One company moving higher after reporting before the bell Thursday is
LendingTree ( TREE - Free Report) . The online financial services firm reported adjusted earnings of $1.92 per share, beating the Zacks Consensus Estimate of $1.78 and improving 64% from the year-ago quarter. Revenue in the period was $197.1 million, which marked year-over-year growth of 15%.
LendingTree also raised its full-year 2018 guidance. The company now expects revenue to be in the range of $765 million to $775 million, up from the prior range of $745 million to $765 million. Investors loved this beat-and-raise quarter, and LendingTree was up more than 18% in early morning trading today.
However, not every pre-marker reporter was moving in a positive direction Thursday. One notable company selling off after its earnings announcement is
Spotify ( SPOT - Free Report) . The music streaming giant recorded quarterly revenue of 1.35 billion euros ($1.54 billion), which did edge out Street estimates of 1.33 billion euros. VIDEO
Spotify also reported that its monthly subscribers, which account for about 90% of its revenue, increased to 87 million from 83 million in the previous quarter. However, the Swedish company narrowed its expectations for full-year monthly active listeners slightly, and Wall Street was not impressed. Shares of Spotify opened more than 10% lower this morning.

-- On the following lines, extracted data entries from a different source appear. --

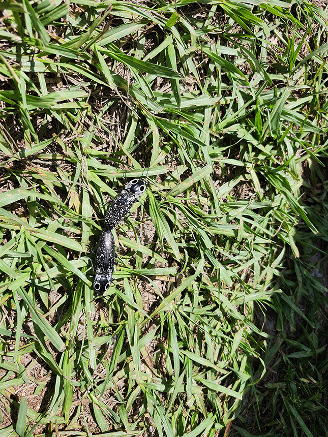 Some interesting interaction between a Firefly and an Eyed Click Beetle. I had seen fireflies at night but rarely during the day. Interesting it is a beetle and not a type of fly. This was also the first time I had ever seen an Eyed Click Beetle. The Eyed Click Beetle eventually gets rid of the overly curious Firefly |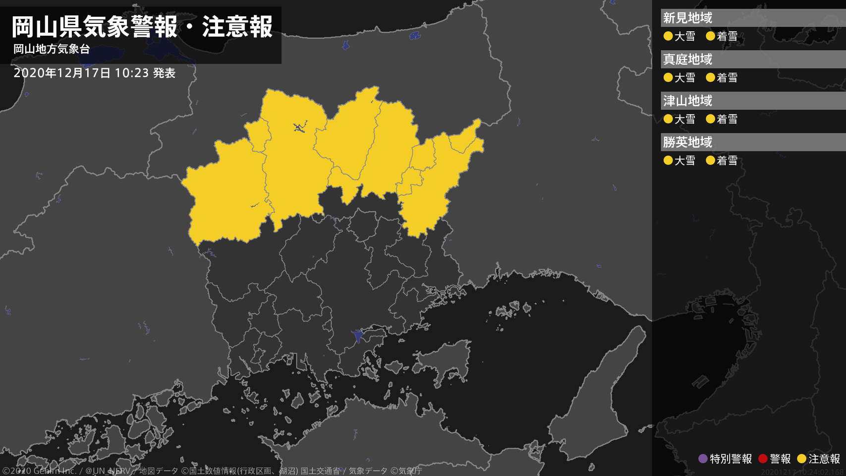 【岡山県 気象警報・注意報 2020年12月17日 10:24】北部では、17日夕方まで大雪や電線等への着雪に注意してください。#気象警報注意報 #岡山県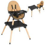 Kūdikio maitinimo kėdutė rudos ir juodos spalvos, matmenų 62x62x100 cm, skirta užtikrinti patogumą ir saugumą valgant, žaidžiant ar mokantis. 4 viename dizainas pritaikytas įvairaus amžiaus vaikams ir lengvai transformuojamas pagal augančius poreikius.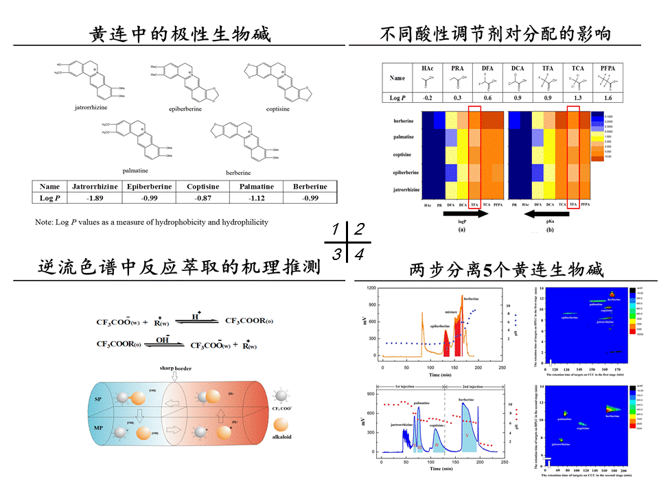 Y. Li, F.F. Cai, M. Zhang*, H.Y. Zhang, Y.R. Wang, P. Hu*. Two-stage fractionation of polar alkaloids from Rhizoma coptidis by countercurrent chromatography considering the strategy of reactive extraction. Journal of Chromatography A. 2015, 1378: 58-64.

Another trendy stock making a sharp move to the downside in early trading is
Wayfair ( W - Free Report) . On an adjusted basis, Wayfair saw a quarterly loss of $1.28 per share, which was wider than the $1.12 loss expected by the Zacks Consensus.
Revenue was slightly higher than expectations, coming in at $1.71 billion against a consensus estimate of $1.67 billion. Active users were up a healthy 35%, but Wayfair’s earnings miss underscored fears that the e-commerce marketplace will struggle to turn profitable with its current business model.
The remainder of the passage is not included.